### Prompt
Could you retype, exactly and with no pictures, only the lines from the first line of the records below through the line that contains "杨利会长向校友会顾问齐志儒、郑若忠教授颁发了顾问聘书。(伍世康 摄)"?

________________

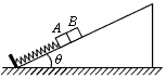 4、选择题 如图所示,一底端有挡板的斜面体固定在水平面上,其表面光滑,倾角为θ。一个劲度系数为k的轻弹簧下端固定在挡板上,上端与物块A连接在一起,物块B紧挨着物块A静止在斜面上。某时刻将B迅速移开,A将在斜面上做简谐运动。已知物块A、B的质量分别为mA、mB,若取沿斜面向上为正方向,移开B的时刻为计时起点,则描述A相对其振动平衡位置的位移随时间变化的图线是
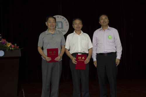 杨利会长向校友会顾问齐志儒、郑若忠教授颁发了顾问聘书。(伍世康 摄)
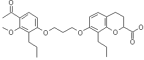 The reaction of 2,4-dihydroxy-3-n-propylacetophenone (I) with excess 1,3-dibromopropane in the presence of potassium carbonate in dimethylformamide gives 3-(2-n-propyl-3-hydroxy-4-acetylphenoxy)-1-bromopropane (II). Subsequent reaction of (II) with 2-carbomethoxy-7-hydroxy-8-n-propylchromone in dimethylformamide containing anhydrous potassium carbonate furnished 2-carbomethoxy-7-[5-(2-n-propyl-3-hydroxy-4-acetylphenoxy)propoxy]-8-n-propylchromone (III), m.p. 113-115 C. Hydrogenation of (III) in acetic acid with 5% palladium on carbon catalyst generated 2-carbomethoxy-7-[5-(2-n-propyl-3-hydroxy-4-acetylphenoxy)propoxy]-8-n-propylchroman (IV), m.p. 70-72 C. Subsequent alkylation of (IV) with excess methyl iodide in refluxing acetone containing anhydrous potassium carbonate produced O-methyl ester (V). Final hydrolysis of O-methyl ester (V) was carried out with lithium hydroxide in aqueous methanol to provide SC-41930.
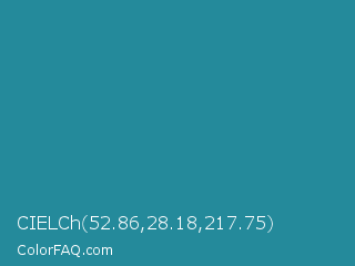CIELCh 52.86,28.18,217.75 Color is a normal cyan color and the nearest color is Jelly Bean #297b9a. Hex code #248a9b and RGB value is rgb(36,138,155). In RGB color space, this color is composed of 14% red, 54% green, 61% blue, In CMYK color space, this color is composed of 77% cyan, 11% magenta, 0% yellow , 39% black , In HSL color space, this color has a hue angle of 189° , 62% saturation and 37% lightness.
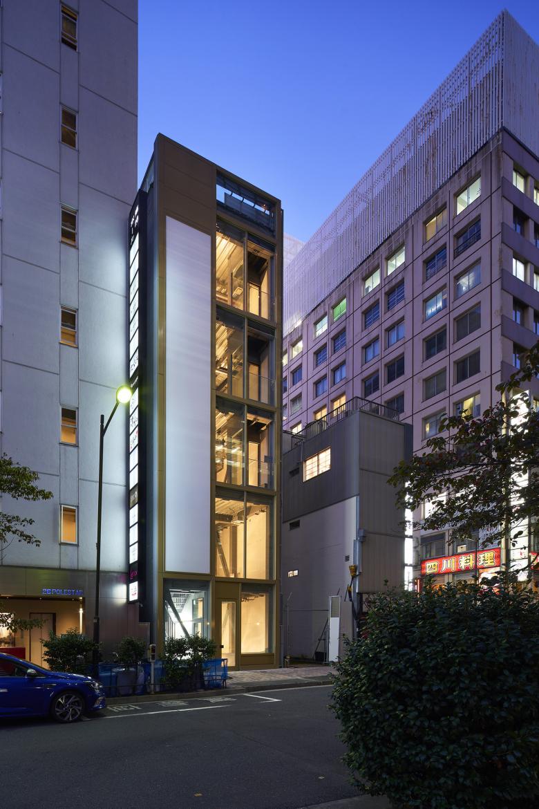 Tokyo’s famed Ginza commercial district commands the highest property values in Japan. Although the lot to be developed was only 6.27 metres wide and 5.46 metres deep, the relatively high value led to a detailed review of options to maximize rental income. A building three levels above ground is the limit for a staircase-only option, which in turn limits leasing and rent payments to three floors. More levels necessitate an elevator. The front-to-back alignment of staircase and lift and separate leasing of each floor, however, require a common corridor that leaves the ground floor with hardly any space for lease. A lift and staircase across the width of the façade would eliminate the common corridor requirement, although the street view from the inside would be blocked, and an escape balcony required on the third and higher floors could not be accommodated. The conclusion reached for this property was to master-lease a building with five floors above ground and a basement. The design incorporated the front-to-back alignment of staircase and elevator, and considered an upscale restaurant, jewelry store, or watch store as the target tenant.
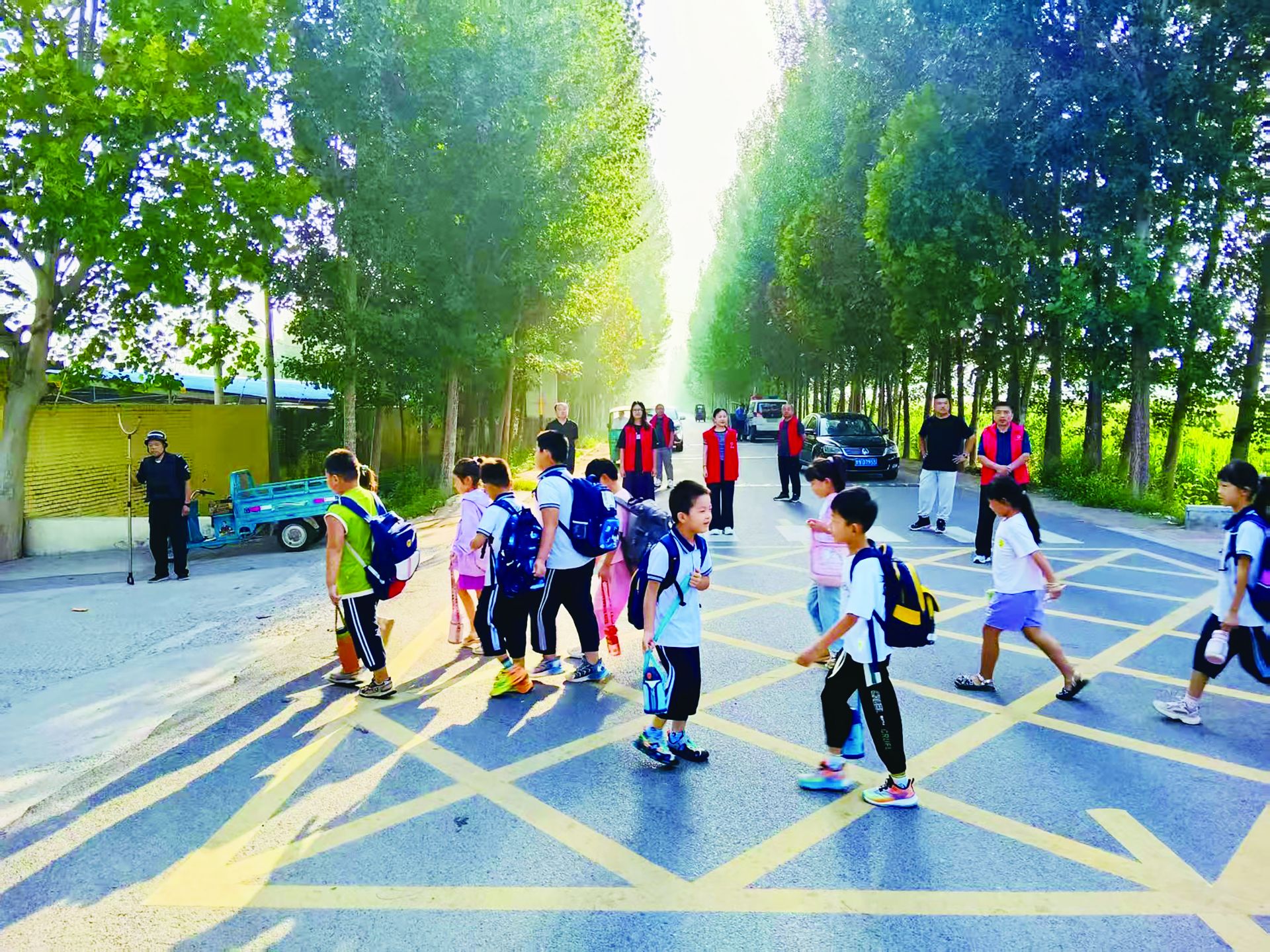 每当朝阳初升或夕阳西下,齐河县宣章屯镇各学校门口便迎来一天中最繁忙的时刻。校门前,身着制服的值勤人员忙碌穿梭:机关领导干部手举指示牌引导车辆,民警警惕地巡视周边,教师温柔地牵起学生小手,党员干部挥动着小旗疏导人流,保安则守在校门两侧维持秩序。这支由多方力量组成的“护学队伍”,如一道坚固的屏障,为学生筑起平安通道。两年来,全镇3所学校“护学岗”出勤率均为100%,实现了全覆盖,成为家长口中的“安心守护者”。

________________

### Result below
 4、选择题 如图所示,一底端有挡板的斜面体固定在水平面上,其表面光滑,倾角为θ。一个劲度系数为k的轻弹簧下端固定在挡板上,上端与物块A连接在一起,物块B紧挨着物块A静止在斜面上。某时刻将B迅速移开,A将在斜面上做简谐运动。已知物块A、B的质量分别为mA、mB,若取沿斜面向上为正方向,移开B的时刻为计时起点,则描述A相对其振动平衡位置的位移随时间变化的图线是
 杨利会长向校友会顾问齐志儒、郑若忠教授颁发了顾问聘书。(伍世康 摄)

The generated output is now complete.